There are many ways to tour multidimensional data. The most common are the grand tour and the guided tour. The grand tour interpolates through random projections of the data whereas the guided tour progresses through “interesting” projections. In this post, I’ll keep things simple, and we’ll take a grand tour of Mariano Rivera’s pitches from 2011.
data(pitches, package = "pitchRx")
rivera <- subset(pitches, pitcher_name == "Mariano Rivera")
When I say a grand tour walks through random projections, I really mean that it goes through random linear combinations of all the variables that we give it (subject to some constraints). This is important since this implies that we can’t include categorical variables in the tour. Let’s use the same numeric variables that Brian did when examining Mark Buerhle’s pitches:
vars <- c("start_speed", "break_y", "break_angle", "break_length")
rivera_num <- rivera[names(rivera) %in% vars]
# ensure these variables are numeric
rivera_num[] <- lapply(rivera_num, as.numeric)
With the tourr package, it’s really easy to perform the grand tour (although, I’ve had problems running this code inside of RStudio, so you may want to run this outside of RStudio):
library(tourr)
animate(rivera_num, grand_tour(), display_xy())
We can actually mimic this functionality and make the results easier to share using animint. In fact, I’ve provided a convenience function for creating tours of PITCHf/x data called pitch_tour()

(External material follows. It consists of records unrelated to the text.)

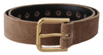 Dolce & Gabbana Light Brown Velvet Gold Tone Logo Metal Buckle Belt
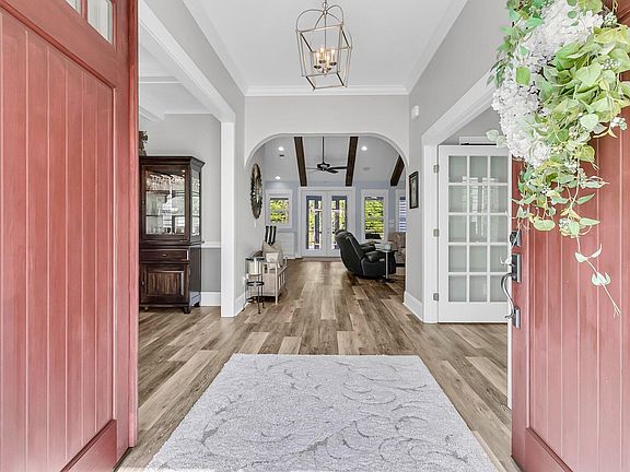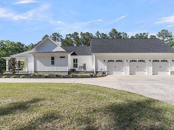This is the unicorn you've been searching for--a truly rare combination of space, privacy, craftsmanship & outdoor living. Built in 2019 on 2.15 acres w/ a fenced backyard, custom in-ground pool, & professional landscaping, this one-story custom home offers over 3,100 square feet, 4 bedrooms, 2 full & 2 half baths, a 3-car garage, dedicated office, formal dining room, gourmet kitchen, large laundry room, & an upstairs FROG perfect for guests or a media room. The open floor plan is designed for both everyday comfort & entertaining, featuring 15 ' cathedral ceilings w/ exposed beams in the family room, kitchen and primary bedroom, crown molding, 8'' baseboards, & driftwood LVP flooring throughout. Plantation shutters cover every window for a clean, finished look.The spacious kitchen includes stainless steel appliances, custom cabinetry w/ roll-out shelves, under-cabinet lighting, & a walk-in pantry. The living room features a gas fireplace & flows into a casual dining space, while a second fireplace warms the screened porch overlooking the pool. A 100-foot concrete driveway welcomes you home. Enjoy added peace of mind w/ a GENERAC whole-home generator & two Rinnai tankless water heaters. Community roads are scheduled to be resurfaced 2025. Located near all that Nexton/Cane Bay has to offer including shops, restaurants, & grocery stores with convenient access to Volvo & Lake Moultrie in just 15 minutes, Boeing, Charleston International Airport, & Downtown Charleston in about 30 minutes, & the beach in approximately 45. This is a rare opportunity to own a meticulously maintained, move-in ready home where quality construction & everyday luxury meet. FEATURES - WHOLE HOME FEATURES: - Raised slab construction - Custom built home - 2.15 acre lot cleared with border of tree line - 100 foot concrete driveway - 4.5" White plantation shutters throughout home - Vertical white vinyl siding - Metal roof accent on front of home, and on master bedroom #1 bay window - Ceiling fans in every room - Ceiling fans in garage and back porch - Two fireplaces (living room and back porch) - 9' ceilings - Cathedral ceilings with beams in open concept and master bedroom #1 - Crown molding throughout most of house - LVP Flooring throughout -- Driftwood - 8" base boards - Every room custom painted - Two Rinnai tankless water heaters (one each side of home) - GENERAC whole home generator - 500 gallon propane tank buried in yard - Oversized well pump house with hinged roof - Culligan water softener system with sand filter - Irrigation system - Custom landscaping - Two HVAC units/systems - dual heating zones - Dimmers on all lighting FRONT PORCH: - Coach lights and LED recessed lighting (timer included) - 8' wrap-around front porch with 2 swings - Stacked stone on base of home LIVING ROOM FEATURES: - Cathedral ceiling with beams - Surround sound speakers - Gas log fireplace - Stacked stone facade on fireplace - Floating mantle - Built in cabinets with bookshelves KITCHEN FEATURES: - Quartz countertops - 9' X 55" island with raised breakfast bar - 18" deep cabinet storage under breakfast bar - JennAir kitchen suite and Kitchenaid dishwasher - Custom cabinets from Jilco, incl. pull out drawers, all soft-close, pull out trash, pull out spice rack, pull out cutting board organizer - Double oven (JennAir) - 42" built in refrigerator (JennAir) - Large walk-in pantry with wood shelving - Seeded glass pendants with dimmer - Under cabinet lighting BUTLER'S PANTRY: - Quartz countertop - Butler's panty with lower and upper cabinets, and drawers - Under cabinet lighting POWDER ROOM FEATURES: - Corian countertop - Mother of Pearl hand-made oval sink with hammered silver border - Waterfall faucet - Floating shelves - Under sink cabinet for storage DINING ROOM FEATURES: - Private dining room - Coffered ceiling - Chair rail - $3,000 oyster shell chandelier with dimmer HOME OFFICE FEATURES: - Home office with glass French doors - Full wall closet with wood shelving and barn doors MASTER BEDROOM #1: - Master bedroom #1 with large bay window - Cathedral ceiling with beams - Large walk-in master closet - Barn door to master bath MASTER BEDROOM #1 FULL BATH: - Quartz countertop - Master bath with extra large glass shower and oval soaker tub - Crystal chandelier over soaker tub - Separate water closet MASTER BEDROOM #1 CLOSET 2: - Second master closet with custom shelving for shoes, purses, etc. - Crystal chandelier - Jewelry /and all purpose cabinet with lighted vanity mirror MASTER BEDROOM #2: - Master bedroom #2 with walk-in closet MASTER BEDROOM #2 FULL BATH: - Quartz countertop - Ceramic tile flooring - Jack & Jill bath with large glass shower - Linen closet - Separate water closet BEDROOM #3: - Fits queen size bed, dresser and nightstand - Connects to Jack & Jill bath - Guest closet BEDROOM #4: - Large closet for clothing or storage LINEN CLOSET: - Very large linen closet with ample storage ADDITIONAL CLOSET: - Broom, mop, vacuum, extra space for anything BONUS ROOM 2ND LEVEL (FROG): - Bonus room above garage - Low pile carpet with premier pad - Dual Ceiling fans - Half bathroom with Quartz countertop - Surround sound - 2 attic access doors GARAGE: - 3-car Oversized garage - 4 exterior coach lights (timer switch included) - Three 9' doors with decorative windows and hardware - Two ceiling fans - Access door to patio - Industrial lighting REAR PORCH: - Large screened in rear porch with stone fireplace - Audio speakers - Two ceiling fans - Gas and electric stub outs for outdoor kitchen SWIMMING POOL: - 14 X 30' in ground swimming pool with steps and railing - Pentair heating and chilling unit for pool - Autostar safety automatic cover - Salt water system - LED lighting - Large patio with cool decking - Custom landscaping incl. 3 Palmettos - Aluminum fencing around pool area with 2 locking access gates LAUNDRY ROOM: - Large laundry room - Laundry cabinets (upper and lower) with drawers
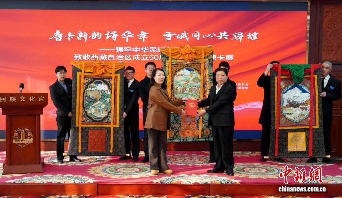 12月22日,“唐卡新韻譜華章 雪域同心共輝煌——鑄牢中華民族共同體意識(shí)”主題展覽在北京民族文化宮展覽館正式啟幕。此次展覽以唐卡這一非遺藝術(shù)為載體,全景呈現(xiàn)西藏自治區(qū)成立60年來(lái)的發(fā)展巨變,尤其聚焦黨的十八大以來(lái)的歷史性跨越,為觀眾獻(xiàn)上一場(chǎng)融合傳統(tǒng)技藝與時(shí)代精神的文化盛宴。

. By default, pitch_tour()
will use MLBAM’s pitch type classification for the point color.
devtools::source_gist("4673815529b7a1e6c1aa")
pitch_tour(rivera)
If you view the result here (best viewed with Chrome), you’ll notice that the projection begins with break_y
on the y-axis and start_speed
on the x-axis. There appears to be 4-5 very distinct groups/clusters of pitches along the break_y
axis (I’ll return to this shortly). As the tour progresses through the random projections, you should also notice that MLBAM’s classification is almost entirely determined by the break_angle
(that is, we could draw a line orthogonal to the break_angle
axis that separates red points from blue points):
library(ggplot2)
rivera$break_angle <- as.numeric(rivera$break_angle)
ggplot(rivera, aes(x = break_angle, fill = pitch_type)) +
geom_density(alpha = 0.2)
rivera$mlbam_type <- cut(rivera$break_angle, c(-100, 0, 100))

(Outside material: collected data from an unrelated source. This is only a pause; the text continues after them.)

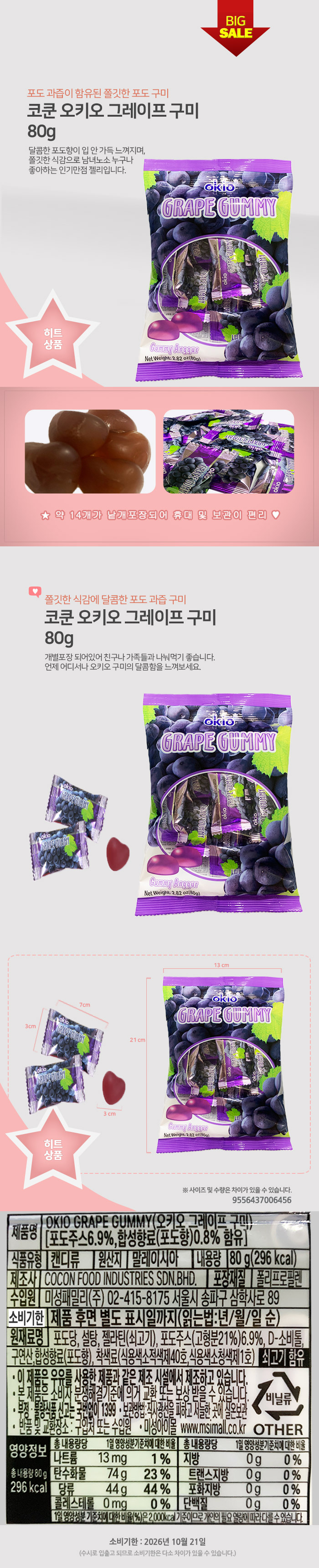 BBQ ¿ÀŰ¿À ±×·¹ÀÌÇÁ ±¸¹Ì Á©¸® 80g x 5ºÀ
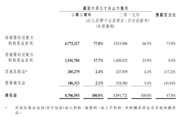 其中,报告期内高端婴幼儿配方奶粉产品系列实现营收67.73亿元,同比增长73%,占总收入比重从2019年同期的66.5%进一步提升至77.8%。而普通婴幼儿配方产品、其他乳制品以及营养补充品等表现不一,同比增长率分别为:9.4%、-17.2%以及-41.6%。
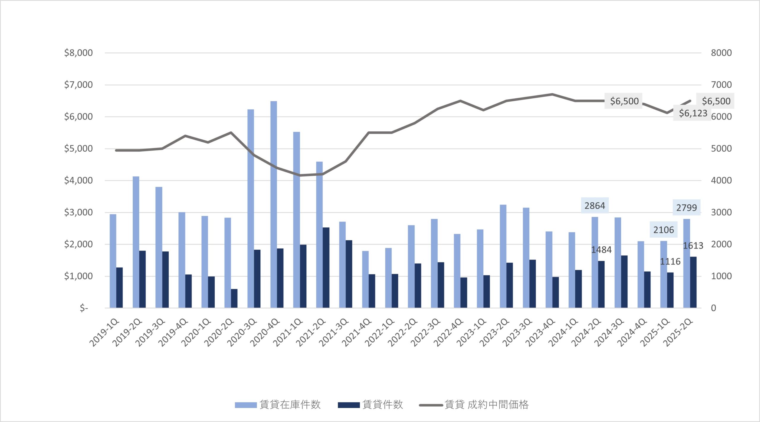 賃貸市場は前年同期比で中間価格が同額の$6,500と高止まりの状況が続いており、成約件数は+8.7%と活況を呈しています。在庫数が限られており、空室率は4月・5月ともに2%未満を記録、成約までの期間も短縮しています。

with(rivera, table(mlbam_type, pitch_type))
pitch_type
mlbam_type FC FF
(-100,0] 775 4
(0,100] 14 119
However, given what we’ve seen in the tour, splitting on break_y
is clearly better if our goal is to produce the most “distinct” grouping (that is, most separated from one another in the data space). In fact, a model based clustering mostly agrees with our visual intuition:
m <- mclust::Mclust(rivera_num)
rivera_num$classification <- m$classification
pitch_tour(rivera_num, color_by = "classification", out_dir = "rivera-mbc")
Of course, Rivera doesn’t have anywhere near 8 different pitch types. The point here is that the cluster analysis is fooled by the “discreteness” of break_y
. Rivera’s break_y
only varies from 23.6 to 24.0 and the precision of break_y
measurements only goes to the tenth place. Whenever the ratio of precision to range for a numerical variable is this large, it is bound to cause problems, so we should to remove it from consideration for Rivera. Interestingly, Mark Buerhle’s break_y
data is similar to Rivera’s, but the model based clustering approach doesn’t get fooled as badly. I suppose that is due to that fact that Mark has a higher number of actual types are more spread out in the data space.
mark <- read.csv("http://www.brianmmills.com/uploads/2/3/9/3/23936510/markb2013.csv")
table(mark$break_y)
23.6 23.7 23.8 23.9 24
24 521 2128 668 27
mark_num <- mark[names(mark) %in% vars]
mark_num[] <- lapply(mark_num, as.numeric)
m2 <- mclust::Mclust(mark_num)
mark_num$classification <- m2$classification
pitch_tour(mark_num, color_by = "classification", out_dir = "mark-mbc")